[This article was first published on R on The Data Behind the Story, and kindly contributed to R-bloggers]. (You can report issue about the content on this page here)
Want to share your content on R-bloggers? click here if you have a blog, or here if you don't.

“Like families, tidy datasets are all alike but every messy dataset is messy in its own way.”
— Hadley Wickham, Chief Scientist at RStudio

This article will try to show how we can link the structure of a dataset to it’s meaning and make sure the data is showing what we want to show.

# Introduction

In this article I would like to take a look at some coding principles and best practices and discuss what can help you, as a data analyst, write and maintain code that can be easily shared and understood by other analysts or yourself, when you look at your code at a later time.

I often found myself in the situation in which I had to come back and adjust some code I had written previously.
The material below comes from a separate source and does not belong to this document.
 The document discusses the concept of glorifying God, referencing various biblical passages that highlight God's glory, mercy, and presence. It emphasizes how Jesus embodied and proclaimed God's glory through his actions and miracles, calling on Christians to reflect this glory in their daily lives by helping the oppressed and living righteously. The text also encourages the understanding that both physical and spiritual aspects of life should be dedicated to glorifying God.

Depending on how I’ve written my code, it could be a simple task that took 5-15 minutes or it could take the better part of my day.

You might be thinking that the time it takes to review and update the code depends on the complexity of the code and the number of lines.
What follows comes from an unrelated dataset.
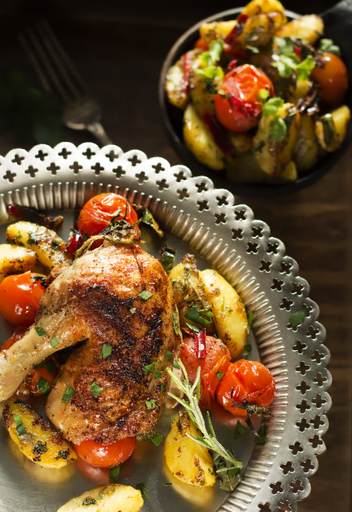 Ugotuj ziemniaki w mundurkach lub wykorzystaj resztki ziemniaków jeśli ugotowane w całości. Pokrój ziemniaki w ósemki. Pokrój chili w krążki. Nasiona przypraw upraż na patelni, po czym zgnieć w moździerzu. Rozgrzej olej na patelni i wrzuć ziemniaki, chili i przyprawy. W rękach rozetrzyj suszone liście curry i dodaj do ziemniaków. W tym samym czasie upiecz pomidorki w piekarniku. Dodaj pomidory do sałatki, posiekany koriander i przypraw solą. Podaj sałatkę do sztuki mięsa np. do kurczaka.
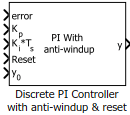 Контроллер дискретного PI с блоком защиты от намотки и сброса выполняет вычисление контроллера дискретного PI с использованием сигнала ошибки и входов пропорционального и интегрального усиления. Сигнал ошибки представляет собой разность между опорным сигналом и измеренной обратной связью. Блок выводит взвешенную сумму входного сигнала ошибки и интеграла входного сигнала ошибки.

This is indeed true, to some extent. If you have a lot of lines in your code, it can be problematic indeed to single out the one, or ones, that need changing. However, from my personal experience just as much time is spent trying to remember why you decided on one approach as opposed to another. This is even more evident when someone else needs to look at your code, or you need to check someone else’ code.

Especially when you start coding, the first instinct is to automate what you do manually and basically recreate the manual tasks using code. This can result in a lot of lines and maybe it’s not the most efficient code.
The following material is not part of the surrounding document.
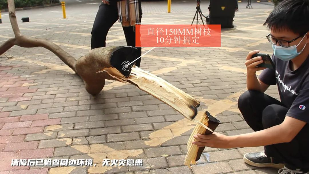但是,这次不一样了,如大家所见,采用激光清障仪对150mm的树障进行清理,仅需10分钟就可以完成,这大大地提高了作业效率;同时激光清理也无需登高的作业,提升了作业的安全性,减少了清理树障的安全风险。
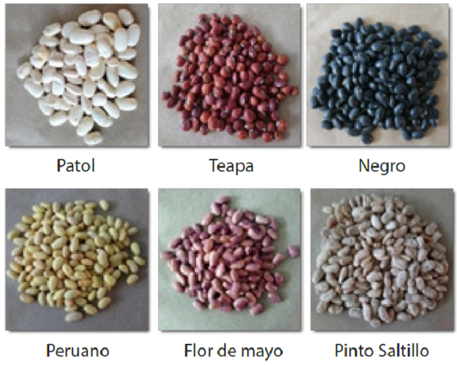 Se utilizaron seis variedades de frijol en grano, representativos de Chihuahua (frijol Pinto Saltillo), Durango (frijol Flor de Mayo y frijol Patol), Morelos (Frijol Negro), Jalisco (Peruano) y Tabasco (frijol Teapa), en base a la preferencia de consumo (Figura 1). Las muestras se trasladaron al laboratorio en donde se procedió a realizar la extracción de los compuestos antioxidantes.

This is not a problem, even if it’s not the most efficient code, it is way better than doing the process manually.

So, how do you avoid the two main problems mentioned above, reducing the lines of code you are using, and remembering the scope of the code?

This can be done using two methods:

1. Using as many comments as possible in our code
2. Observing the WET / DRY principle

We will take a look at these two methods in more details below.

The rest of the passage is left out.